EXERCISE BRIEF
A verbatim copy of all the data is required; the pictures should not appear in it.

DATA EXTRACT
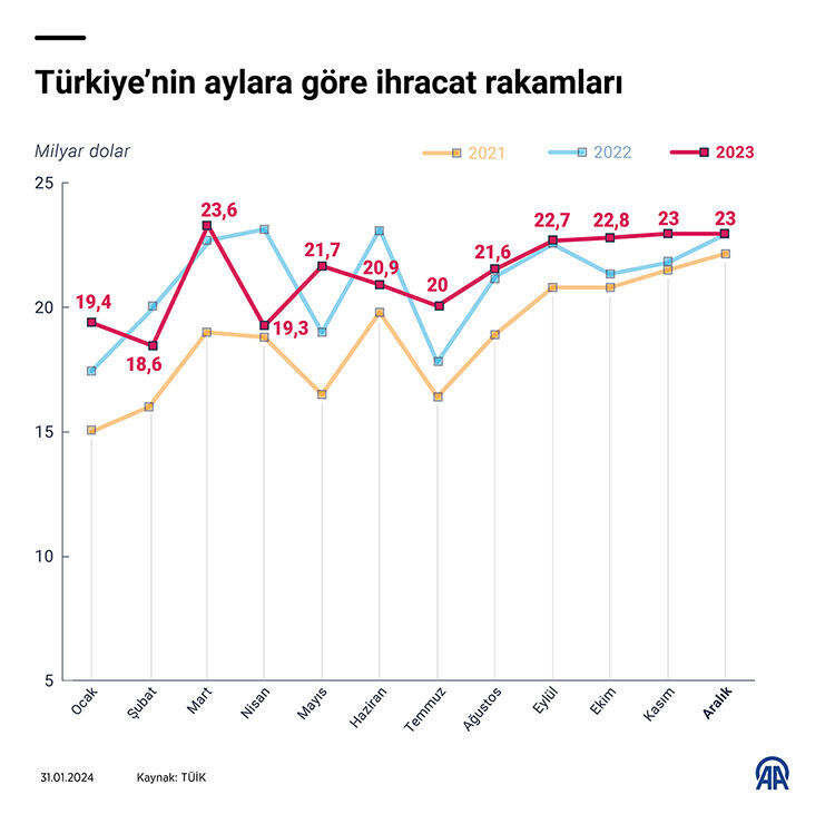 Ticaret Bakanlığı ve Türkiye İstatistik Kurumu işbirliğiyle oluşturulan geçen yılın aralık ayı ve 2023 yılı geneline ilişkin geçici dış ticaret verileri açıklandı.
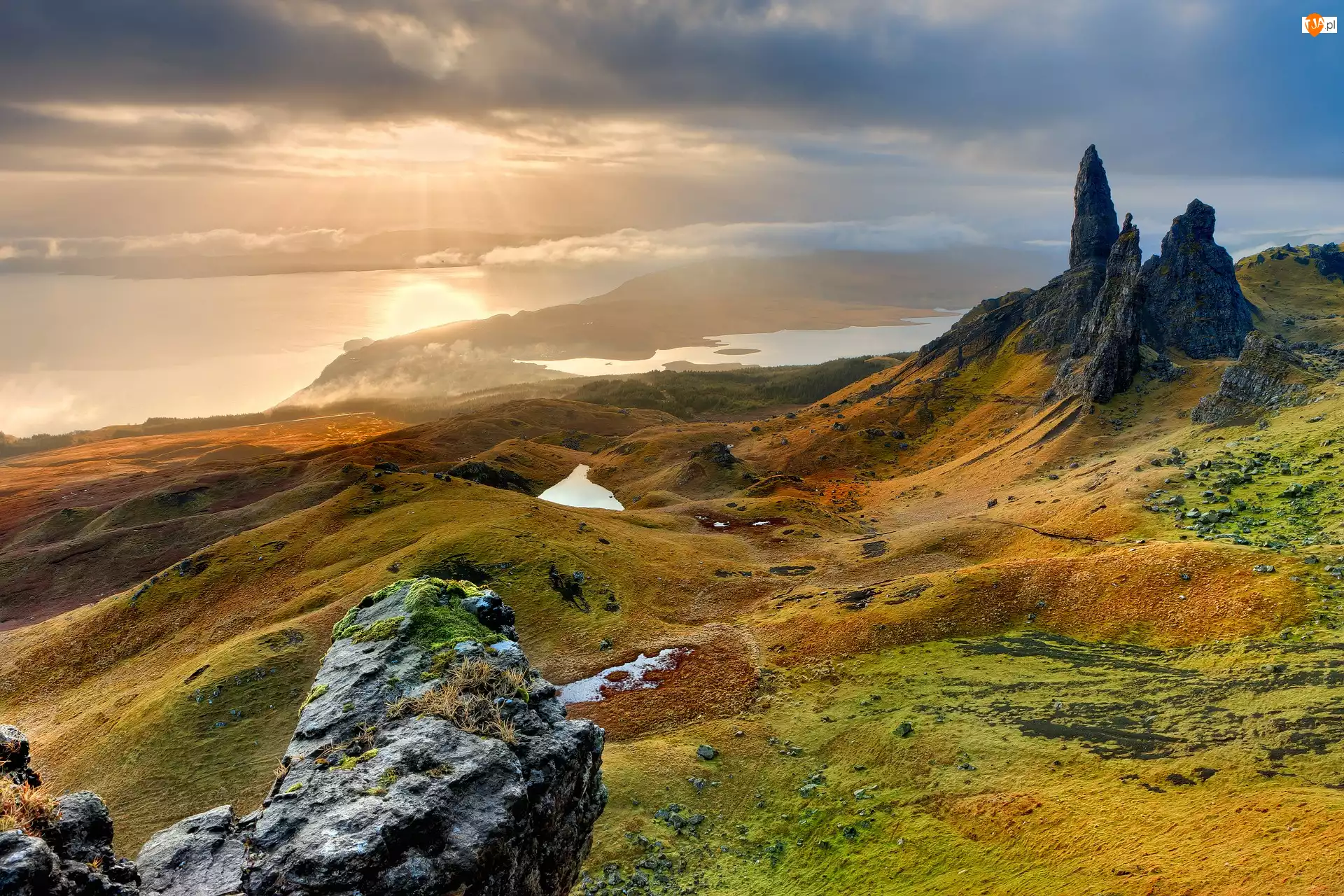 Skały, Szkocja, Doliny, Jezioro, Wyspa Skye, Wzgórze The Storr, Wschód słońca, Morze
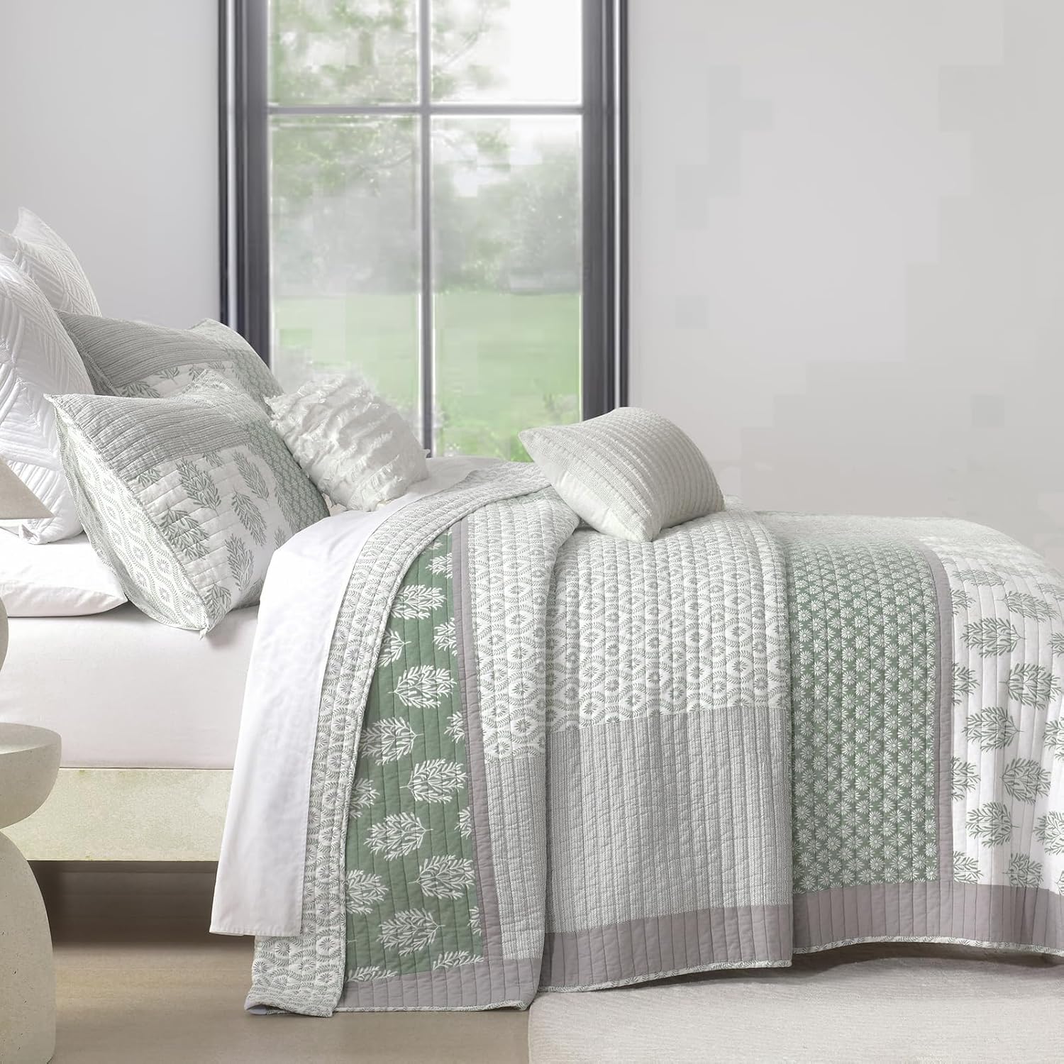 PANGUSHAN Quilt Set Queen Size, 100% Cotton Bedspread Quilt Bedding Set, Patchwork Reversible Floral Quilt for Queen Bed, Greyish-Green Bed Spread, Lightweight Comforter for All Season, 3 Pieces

RESULT
 Ticaret Bakanlığı ve Türkiye İstatistik Kurumu işbirliğiyle oluşturulan geçen yılın aralık ayı ve 2023 yılı geneline ilişkin geçici dış ticaret verileri açıklandı.
 Skały, Szkocja, Doliny, Jezioro, Wyspa Skye, Wzgórze The Storr, Wschód słońca, Morze
 PANGUSHAN Quilt Set Queen Size, 100% Cotton Bedspread Quilt Bedding Set, Patchwork Reversible Floral Quilt for Queen Bed, Greyish-Green Bed Spread, Lightweight Comforter for All Season, 3 Pieces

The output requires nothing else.